Required work: Each record should be given again exactly as it appears, with no image included.
■ ■ ■
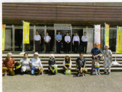
「熊取町わんだふるくらぶ」へのバンドナ贈呈式
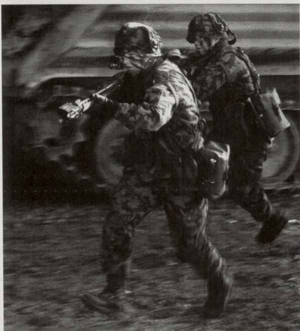
Der mechanisierte Grenadier – Soldat der Zukunft für den Kampf im überbauten Gebiet

nicht der gleiche VBS-Berater nach einem Besuch auf dem Balkan das hohe Lied der streng ausgelesenen dänischen Blauhelme gesungen, die ihm durchwegs einen professionellen Eindruck hinterliessen, mit Stolz einen Dienst leisteten, den sie als ein Privileg betrachteten? Nach dem Versagen der Uno-Truppen beim Massenmord von Srebrenica sind wir alle klüger, oder doch nicht alle? Kurt Tucholsky schrieb 1930 die Satire «Der Reisebericht». Besser kann man solche Kurzbesuche nicht darstellen.
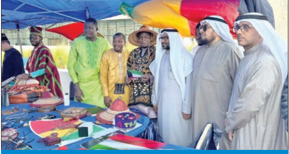
الحرفي متوسطاً الحضور خلال أجواء الفعالية

احتفالاً بالأعياد تحت شعار «دمت يابلادي فخراً وللعلم مهداً»
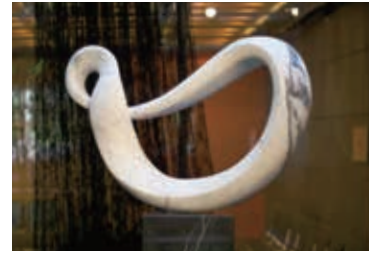
N.Y. 9.11 慰霊モニュメント For all victims of 9.11th "CIRCLE WIND" -PAX2011- 2011. H.72×L.112×S.24cm Italian marble ●9
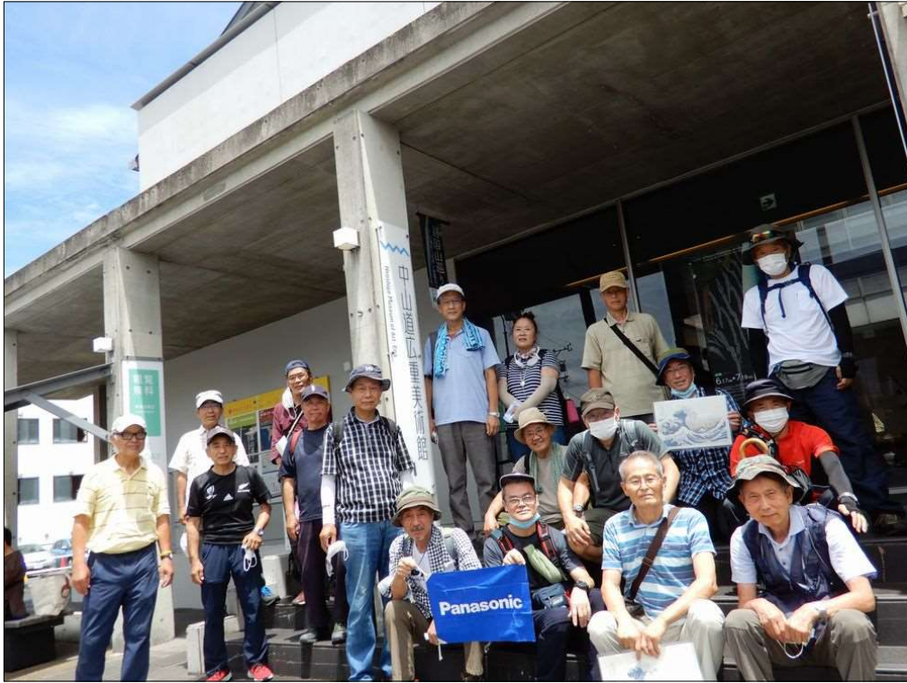
40 無事元気にゴール！お疲れ様でした(中山道広重美術館前)
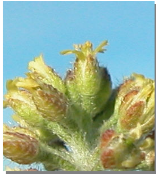
A. simplex . Detalle de una flor
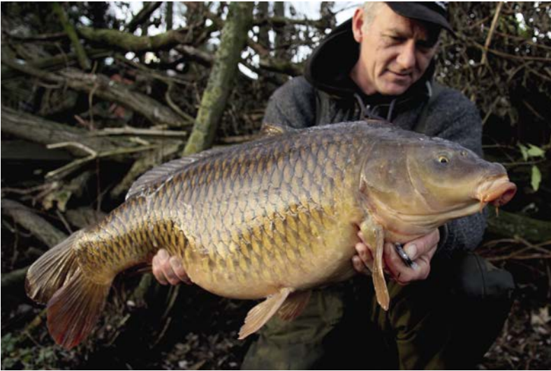
Een winterbommetje, tijdens de dril kwamen 2 karpers 'kijken' wat er aan de hand was
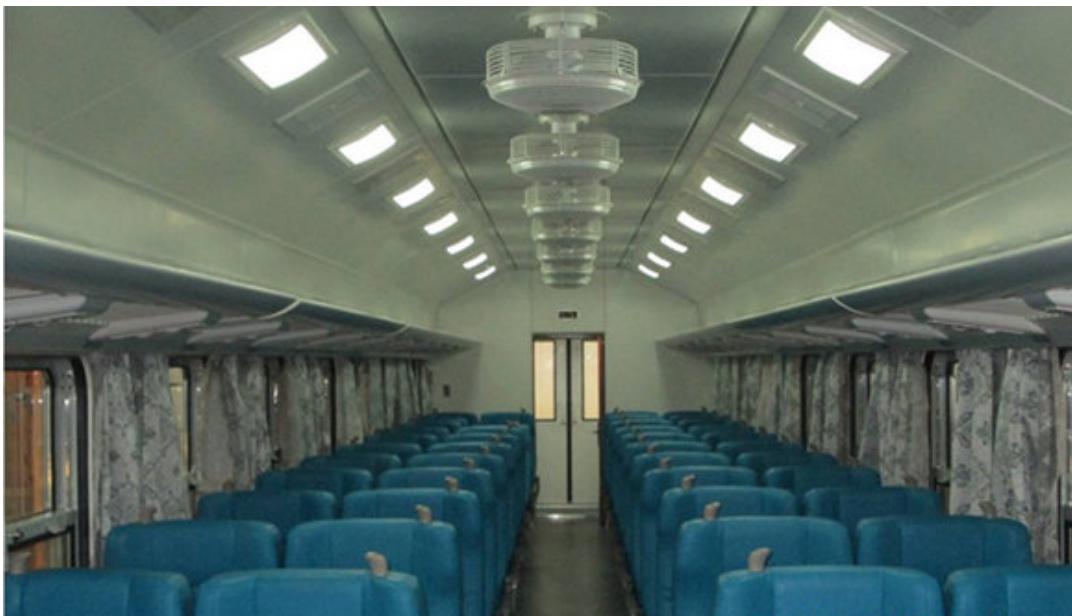
Coche tipo 2: sistema de audio, 12 ventiladores de techo, 72 asientos reclinables y giratorios, dos baños, bebedero de agua fría.
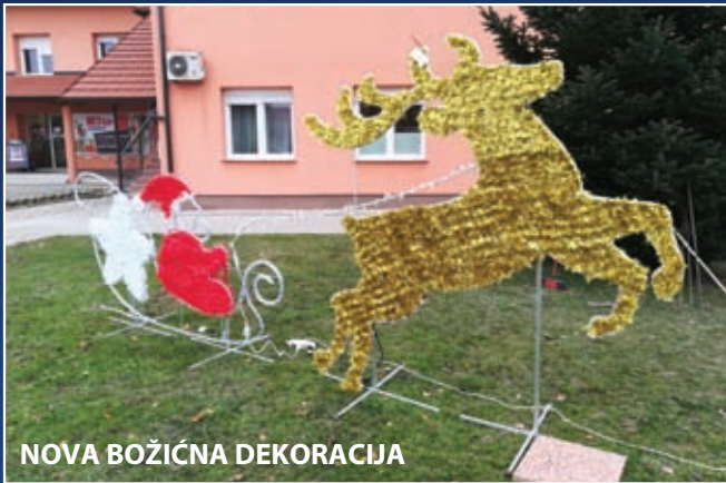
NOVA BOŽIČNA DEKORACIJA
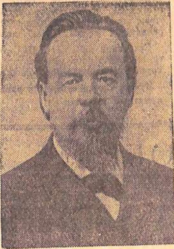
А. С. Попов.

кает в отдаленные уголки земного шара, помогает крепить друж-
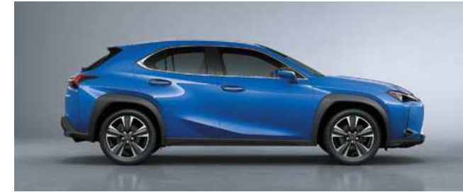
أزرق فلكي <8Y6>
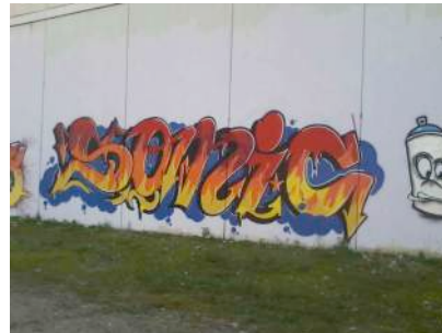
Figura 3: Firma en muro (Lleida)
■ ■ ■
Task response:
「熊取町わんだふるくらぶ」へのバンドナ贈呈式
Der mechanisierte Grenadier – Soldat der Zukunft für den Kampf im überbauten Gebiet

nicht der gleiche VBS-Berater nach einem Besuch auf dem Balkan das hohe Lied der streng ausgelesenen dänischen Blauhelme gesungen, die ihm durchwegs einen professionellen Eindruck hinterliessen, mit Stolz einen Dienst leisteten, den sie als ein Privileg betrachteten? Nach dem Versagen der Uno-Truppen beim Massenmord von Srebrenica sind wir alle klüger, oder doch nicht alle? Kurt Tucholsky schrieb 1930 die Satire «Der Reisebericht». Besser kann man solche Kurzbesuche nicht darstellen.
الحرفي متوسطاً الحضور خلال أجواء الفعالية

احتفالاً بالأعياد تحت شعار «دمت يابلادي فخراً وللعلم مهداً»
N.Y. 9.11 慰霊モニュメント For all victims of 9.11th "CIRCLE WIND" -PAX2011- 2011. H.72×L.112×S.24cm Italian marble ●9
40 無事元気にゴール！お疲れ様でした(中山道広重美術館前)
A. simplex . Detalle de una flor
Een winterbommetje, tijdens de dril kwamen 2 karpers 'kijken' wat er aan de hand was
Coche tipo 2: sistema de audio, 12 ventiladores de techo, 72 asientos reclinables y giratorios, dos baños, bebedero de agua fría.
NOVA BOŽIČNA DEKORACIJA
А. С. Попов.

кает в отдаленные уголки земного шара, помогает крепить друж-
أزرق فلكي <8Y6>
Figura 3: Firma en muro (Lleida)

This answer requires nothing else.